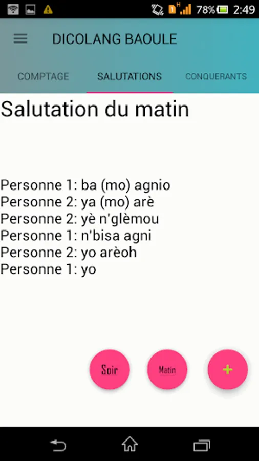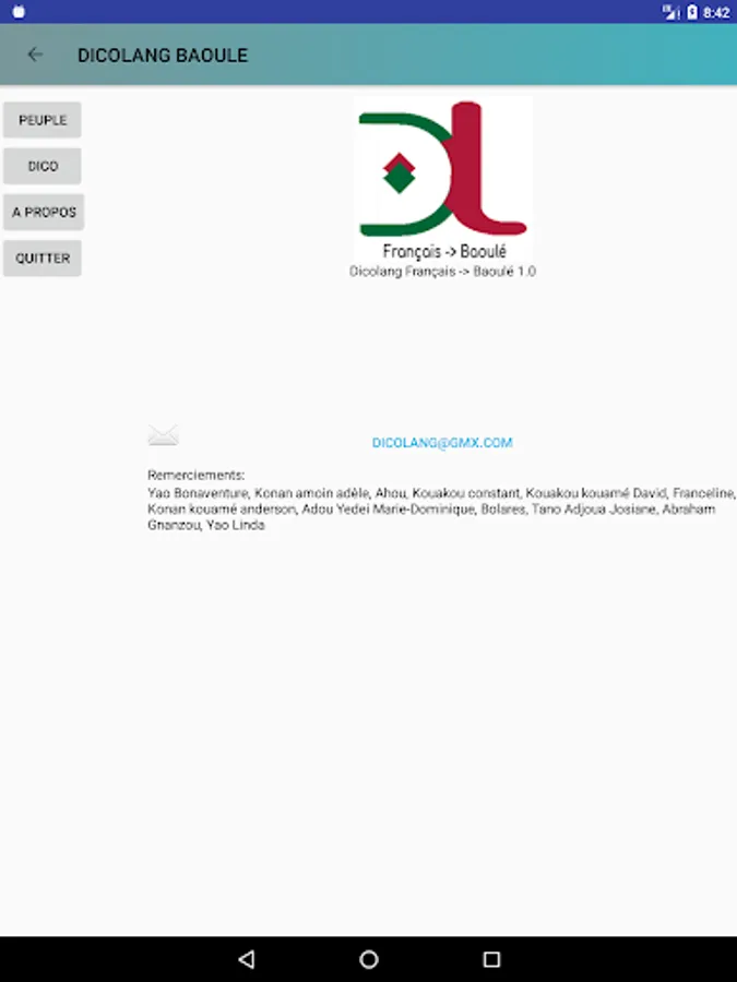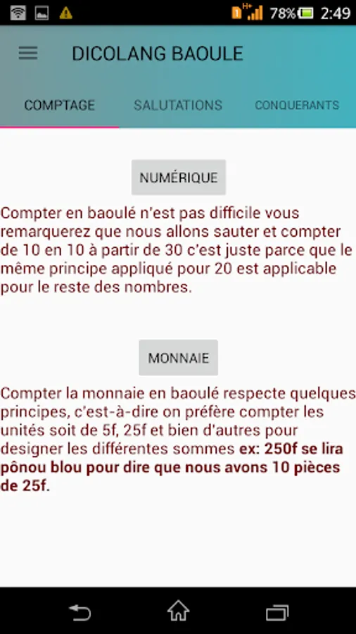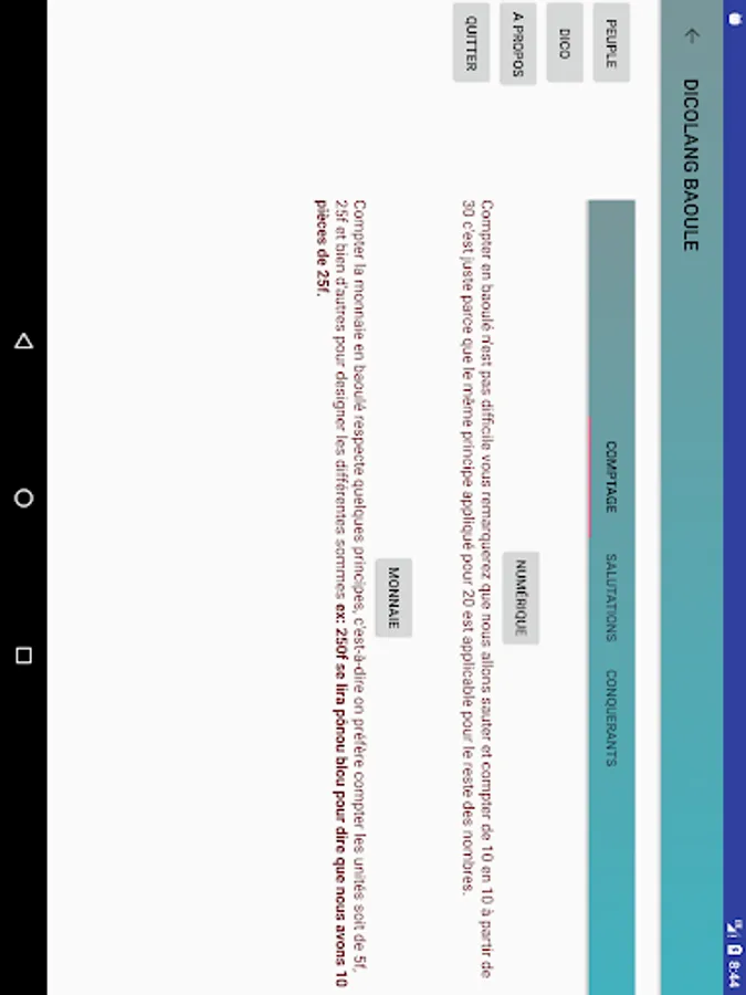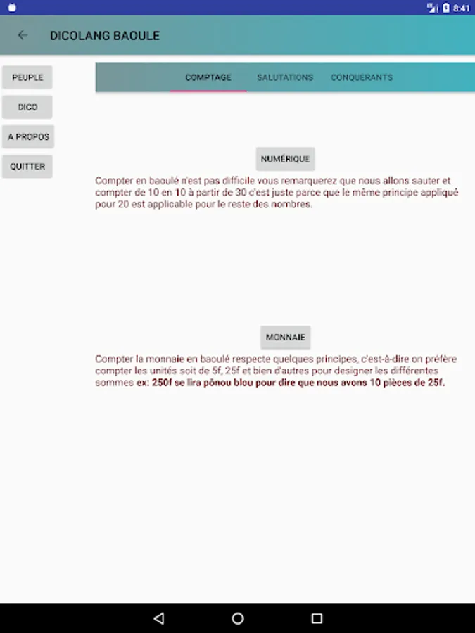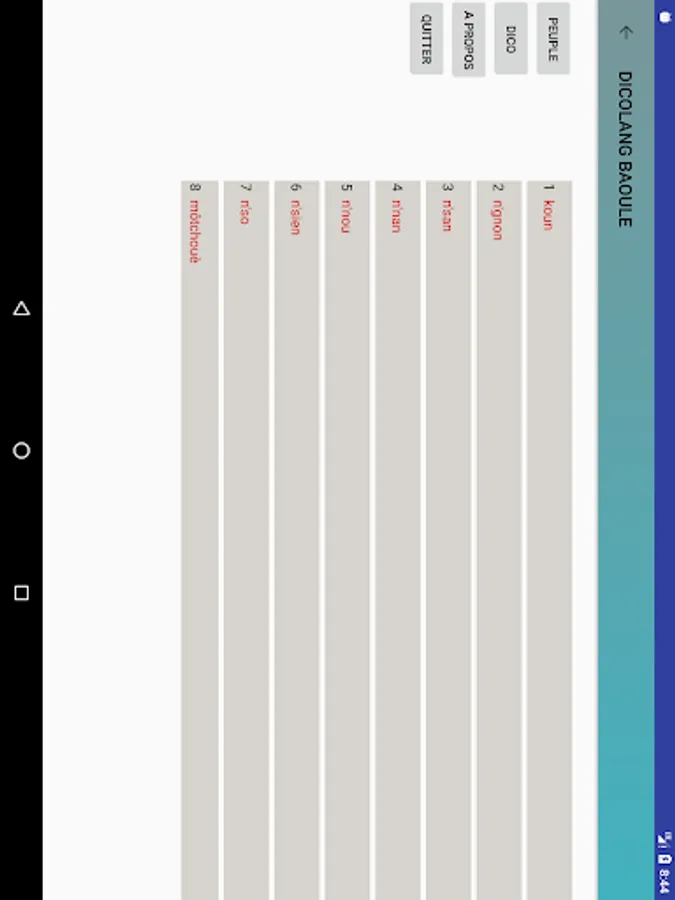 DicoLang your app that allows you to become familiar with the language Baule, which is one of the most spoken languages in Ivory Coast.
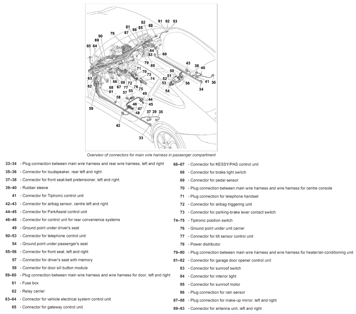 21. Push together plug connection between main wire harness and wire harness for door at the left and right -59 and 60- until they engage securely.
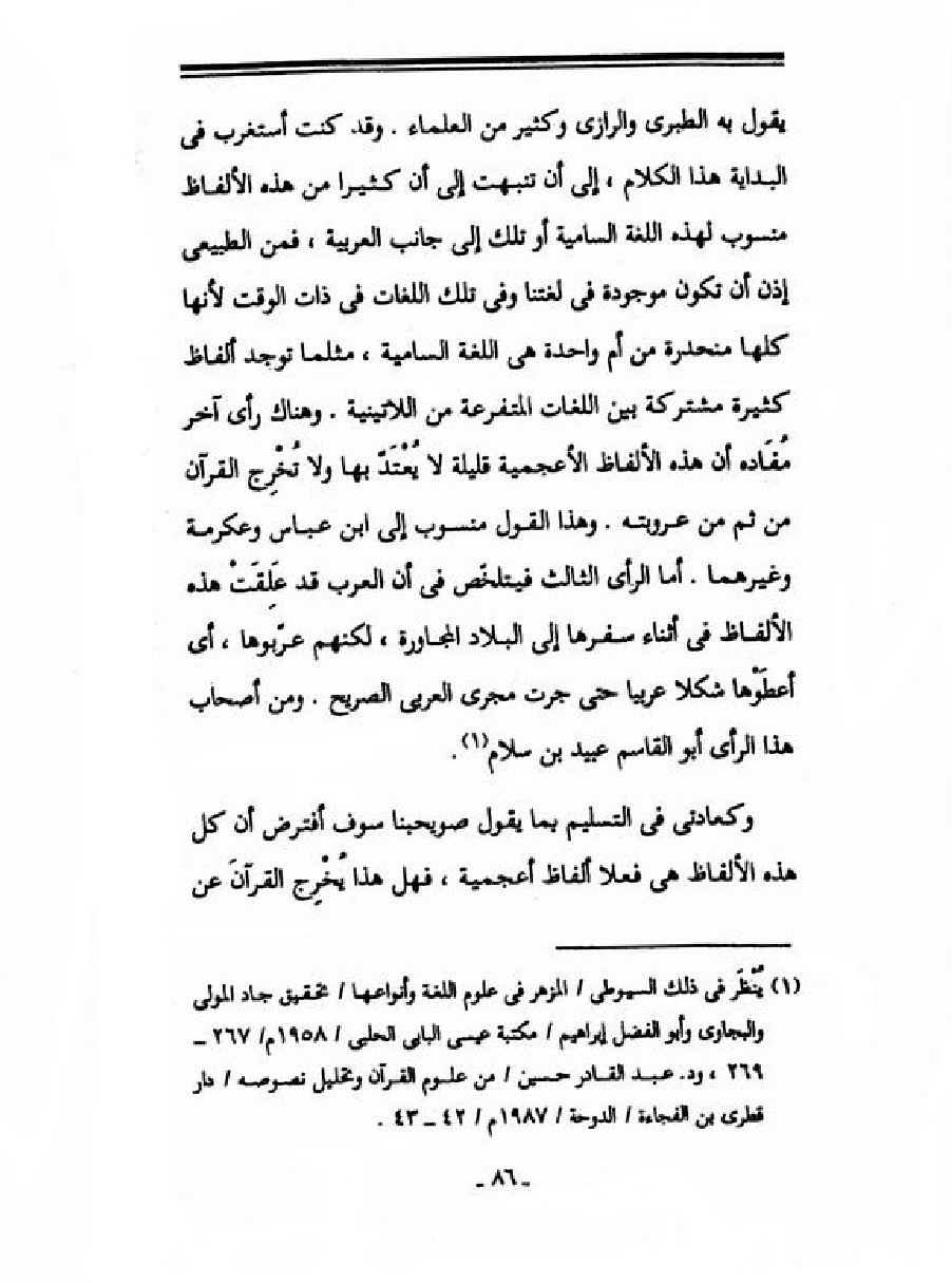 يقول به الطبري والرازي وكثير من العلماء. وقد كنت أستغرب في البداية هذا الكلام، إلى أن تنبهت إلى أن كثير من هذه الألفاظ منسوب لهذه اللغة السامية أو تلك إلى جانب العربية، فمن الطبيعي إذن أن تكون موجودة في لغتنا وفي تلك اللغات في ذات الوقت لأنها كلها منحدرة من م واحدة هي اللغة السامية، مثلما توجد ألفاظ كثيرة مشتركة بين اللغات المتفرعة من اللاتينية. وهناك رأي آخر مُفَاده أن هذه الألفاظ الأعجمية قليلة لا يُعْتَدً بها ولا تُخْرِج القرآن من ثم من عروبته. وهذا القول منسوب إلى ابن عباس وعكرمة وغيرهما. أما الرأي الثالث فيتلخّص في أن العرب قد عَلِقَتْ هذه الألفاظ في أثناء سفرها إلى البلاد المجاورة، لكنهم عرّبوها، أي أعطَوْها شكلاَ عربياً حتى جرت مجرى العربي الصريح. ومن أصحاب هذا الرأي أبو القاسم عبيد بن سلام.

*Task details:* Leaving out the pictures, transcribe the material above exactly.

*Answer for this exercise:*
 DicoLang your app that allows you to become familiar with the language Baule, which is one of the most spoken languages in Ivory Coast.
 21. Push together plug connection between main wire harness and wire harness for door at the left and right -59 and 60- until they engage securely.
 يقول به الطبري والرازي وكثير من العلماء. وقد كنت أستغرب في البداية هذا الكلام، إلى أن تنبهت إلى أن كثير من هذه الألفاظ منسوب لهذه اللغة السامية أو تلك إلى جانب العربية، فمن الطبيعي إذن أن تكون موجودة في لغتنا وفي تلك اللغات في ذات الوقت لأنها كلها منحدرة من م واحدة هي اللغة السامية، مثلما توجد ألفاظ كثيرة مشتركة بين اللغات المتفرعة من اللاتينية. وهناك رأي آخر مُفَاده أن هذه الألفاظ الأعجمية قليلة لا يُعْتَدً بها ولا تُخْرِج القرآن من ثم من عروبته. وهذا القول منسوب إلى ابن عباس وعكرمة وغيرهما. أما الرأي الثالث فيتلخّص في أن العرب قد عَلِقَتْ هذه الألفاظ في أثناء سفرها إلى البلاد المجاورة، لكنهم عرّبوها، أي أعطَوْها شكلاَ عربياً حتى جرت مجرى العربي الصريح. ومن أصحاب هذا الرأي أبو القاسم عبيد بن سلام.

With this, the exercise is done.